Modes of Speciation
With the 1859 publication of On the Origin of Species, Charles Darwin put forth the idea that all species have descended, with modification, from a common population of ancestors. All life on earth is therefore united by evolutionary history. This idea, which also is credited to Alfred Wallace, revolutionized scientific thought and is the cornerstone of modern evolutionary theory. However, what Darwin didn't fully understand, what he called the "mystery of mysteries," is how new species arise. We now know that there are many modes, mechanisms, and evolutionary forces that play a role in the formation of new species.

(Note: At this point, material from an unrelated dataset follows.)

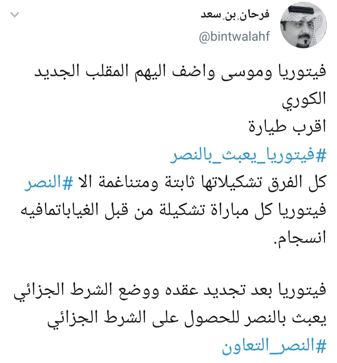 يدرس مجلس إدارة النصر السعودي برئاسة صفوان السكويت الإطاحة بالبرتغالي روي فيتوريا المدير الفني للفريق الكروي الأول، عقب سوء النتائج والبداية الغير مبشرة في مشوار دوري كأس الأمير محمد بن سلمان للمحترفين.

To understand speciation (the formation of new species) we must first have an idea of what species are. Many different definitions have been proposed; none of them are universally applicable and all of them are useful in particular contexts. At present, one of the most widely used definitions of species is based on the biological species concept. This definition is appropriate for our discussion of speciation because it not only defines species, but it also emphasizes the process by which species arise. The biological species concept states that "species are groups of interbreeding natural populations that are reproductively isolated from other such groups." Reproductive isolation refers to biological differences between two populations that impede or greatly reduce gene exchange between them. Most biologists recognize that some gene flow occurs between populations and do not require complete reproductive isolation in order to recognize a population as a distinct species. The study of speciation can therefore be thought of as the study of how a population evolves genetic distinctiveness and becomes reproductively separate from other populations.